Documented in deseq_2x3_polar

#' Convert 2x3 design DESeq2 objects to a volcano3d object
#'
#' This function is used instead of \code{\link{polar_coords}} if you have raw
#' RNA-Seq count data. It takes results from a 2x3 design DESeq2 analysis using
#' [deseq_2x3()]. Alternatively it will accept a list of 3 `DESeqDataSet` or
#' `DESeqResults` objects each with the same type of binary comparison across 3
#' groups. Statistical results are extracted and converted to a 'volc3d' object,
#' which can be directly plotted. Example usage would include comparing gene
#' expression against a binary outcome e.g. response vs non-response, across 3
#' drugs.
#'
#' @param object A named list of 3 objects of class 'DESeqDataSet', or a list of
#'   3 DESeq2 results dataframes generated by calling `DESeq2::results()`. Each
#'   object should contain the binary outcome comparison for each of the 3
#'   groups, e.g. group A response vs non-response, group B response vs
#'   non-response, group C etc. The names of the groups are taken from the list
#'   names.
#' @param pcutoff Cut-off for p-value significance
#' @param fc_cutoff Cut-off for fold change on radial axis
#' @param padj.method Can be `"qvalue"` or any method available in `p.adjust`.

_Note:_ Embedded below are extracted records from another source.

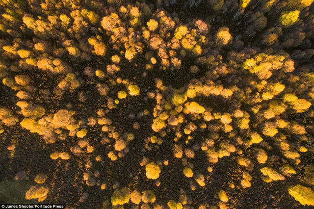 上图中是金尤西附近的桦树在秋天的树冠。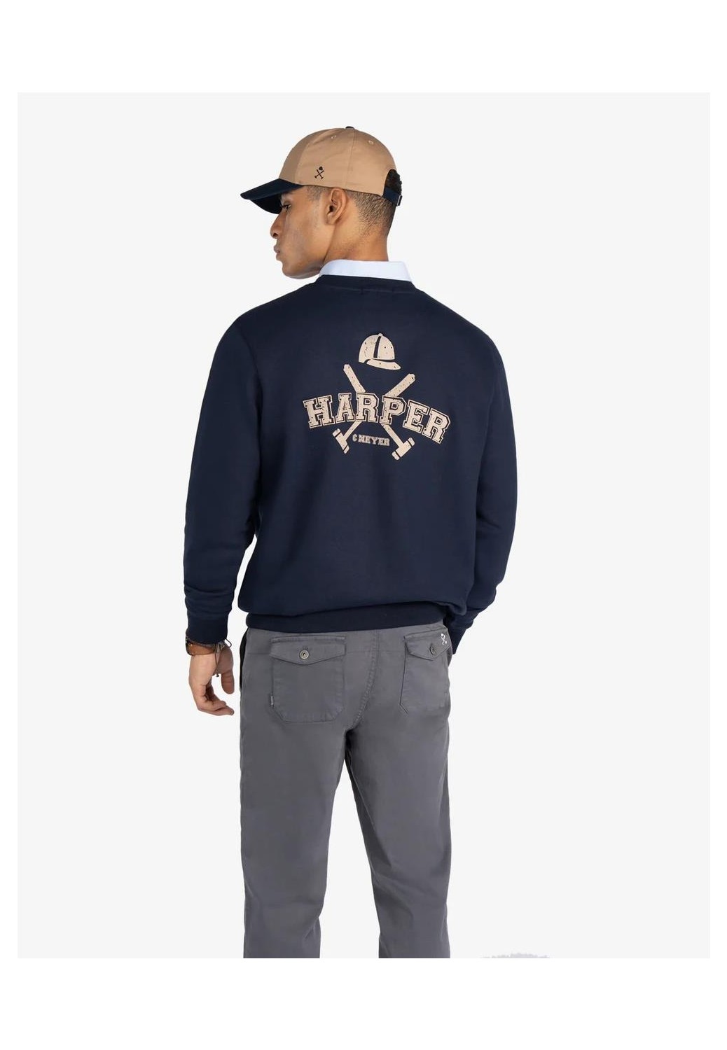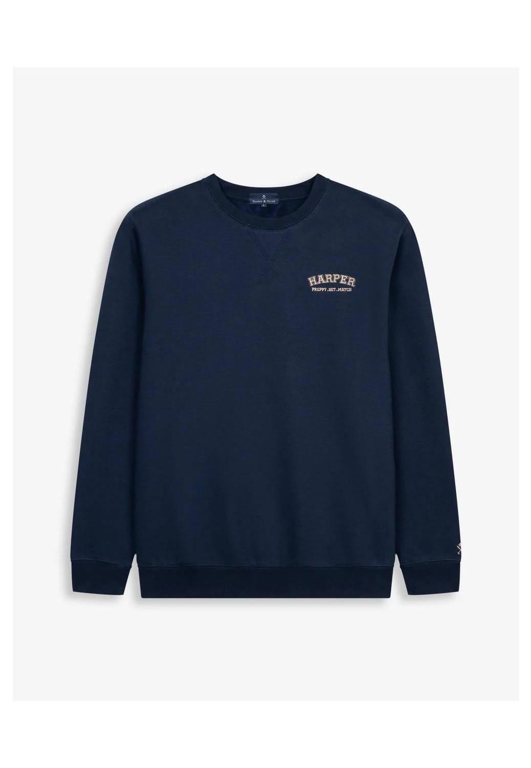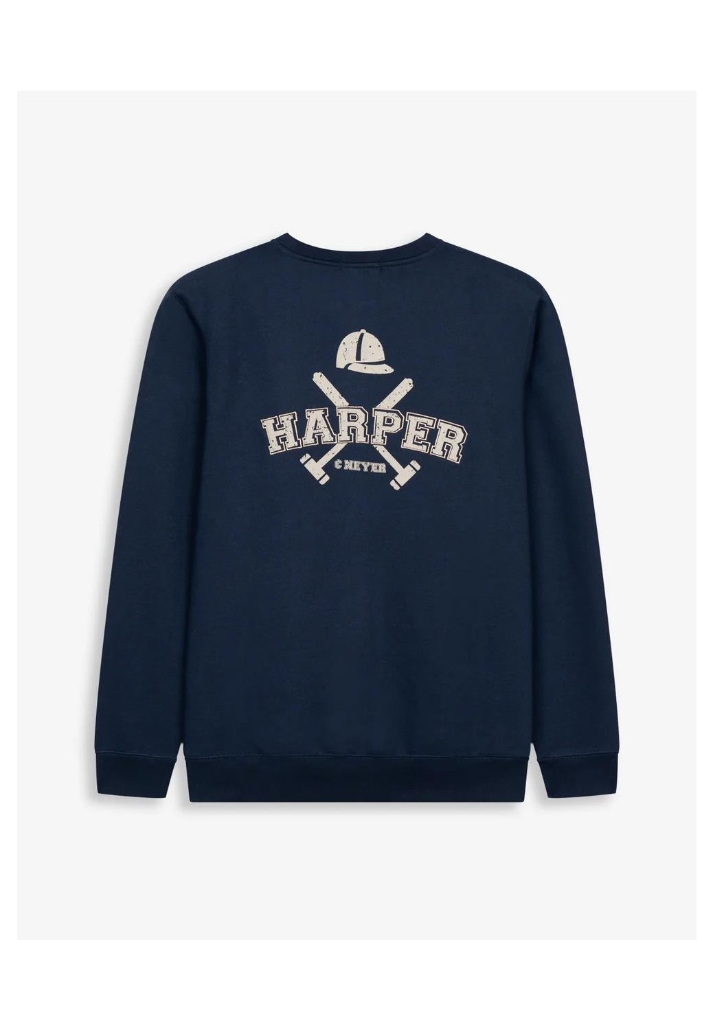 Sudadera de algodón con cuello redondo y corte regular fit. Confeccionada en mezcla de algodón suave y resistente, presenta acabados en canalé en cuello, puños y bajo para un ajuste clásico. Incluye bordado frontal “Harper & Neyer”, evocando el espíritu deportivo de los campus universitarios americanos.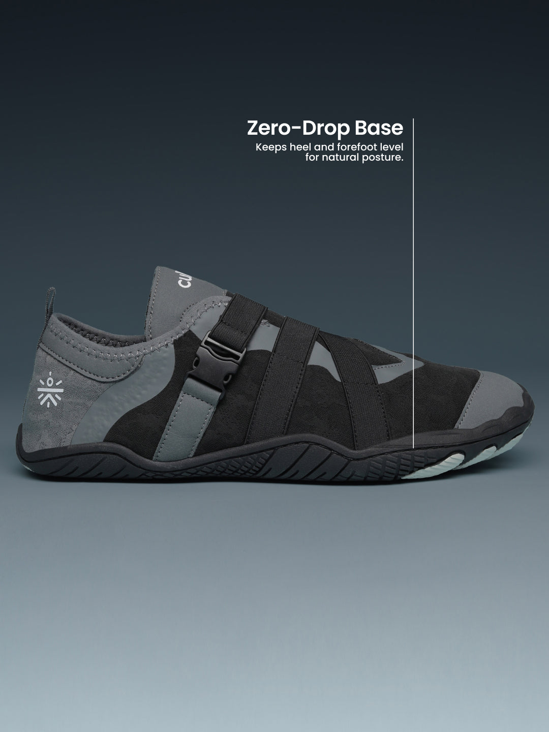 Step into freedom with the Cult Men's AquaGrip Barefoot Shoes, built for natural movement from the ground up. The wide toe box and zero-drop base keep your heel and forefoot level, promoting natural posture, balanced alignment, and a centred, stable feel through every step. The flexible sole moves with your foot, allowing true natural foot movement while maintaining controlled traction for running, jogging, training, and everyday use. The high-traction, non-slip rubber outsole maximises surface contact to keep you steady on pavements, gym floors, and light outdoor paths, giving you confident grip in all directions. Inside, the soft perforated EVA insole delivers cushioned barefoot comfort, constant airflow, and gentle support without losing ground feel—ideal for anyone seeking a more minimalist, foot-friendly ride. The breathable knitted upper stretches naturally with your foot, staying lightweight, cool, and flexible without squeezing the toes. At just 300 g, this minimalist design keeps things featherlight, reducing fatigue and encouraging natural movement all day. Finished with an adjustable Velcro closure for quick, secure lockdown, these barefoot shoes shift easily between walking, running, functional training, and even beach or quick-dry water shoe use—versatile, flexible, and made to keep you moving naturally.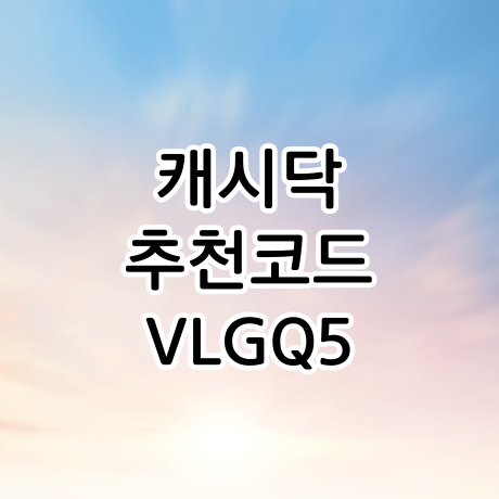 | 캐시닥 앱을 설치하시고 회원가입하는 도중 '추천코드'를 입력하라는 페이지가 등장합니다. 추천코드 입력 란에 "VLGQ5"를 입력하시면 500원이 적립됩니다. 입력하지 않고 넘어가시게 되면 0원으로 시작하게 되니 꼭 입력하시고 가입하세요. |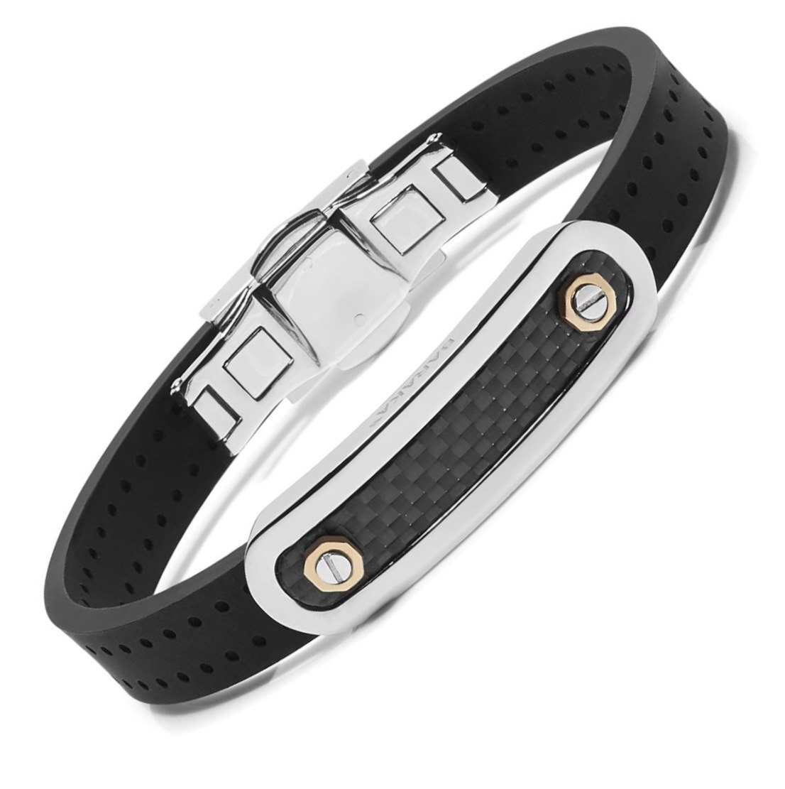 Браслет Baraka Uomo вирізняється технологічним стилем, сміливим поєднанням матеріалів і сучасною інженерною ергономікою. Він виготовлений із сталі 316L, гіпоалергенної гуми, декоративної вставки з вуглецевого волокна що додає йому футуристичного характеру а також золотих вставок у вигляді болтів і гайок що додають йому технологічного шарму.Конструкцію завершує надійна застібка з нержавіючої сталі, що гарантує комфортне та довговічне носіння.

#'   The option `"none"` is a pass-through.
#' @param process Character value specifying colour process for statistical
#'   significant genes: "positive" specifies genes are coloured if fold change
#'   is >0; "negative" for genes with fold change <0 (note that for clarity the
#'   polar position is altered so that genes along each axis have the most
#'   strongly negative fold change values); or "two.sided" which is a compromise
#'   in which positive genes are labelled as before but genes with negative fold
#'   changes and significant p-values have an inverted colour scheme.
#' @param scheme Vector of colours starting with non-significant genes/variables
#' @param labs Optional character vector for labelling groups. Default `NULL`
#'   leads to abbreviated labels based on levels in `outcome` using
#'   [abbreviate()]. A vector of length 3 with custom abbreviated names for the
#'   outcome levels can be supplied. Otherwise a vector length 8 is expected, of
#'   the form "ns", "A+", "A+B+", "B+", "B+C+", "C+", "A+C+", "A+B+C+", where
#'   "ns" means non-significant and A, B, C refer to levels 1, 2, 3 in
#'   `outcome`, and must be in the correct order.
#' @details
#' This function generates a 'volc3d' class object for visualising a 2x3 way
#' analysis for RNA-Seq data. For usual workflow it is typically preceded by a
#' call to [deseq_2x3()] which runs the 3x DESeq2 analyses required.
#' 
#' Scaled polar coordinates are based on the DESeq2 statistic for each group
#' comparison. Unscaled polar coordinates are generated using the log2 fold
#' change for each group comparison.
#' 
#' The z axis for 3d volcano plots does not have as clear a corollary in 2x3
#' analysis as for the standard 3-way analysis (which uses the likelihood ratio
#' test for the 3 groups). For 2x3 polar analysis the smallest p-value from the
#' 3 group pairwise comparisons for each gene is used to generate a z coordinate
#' as -log10(p-value).
#' 
#' The colour scheme is not as straightforward as for the standard polar plot
#' and volcano3D plot since genes (or attributes) can be significantly up or
#' downregulated in the response comparison for each of the 3 groups.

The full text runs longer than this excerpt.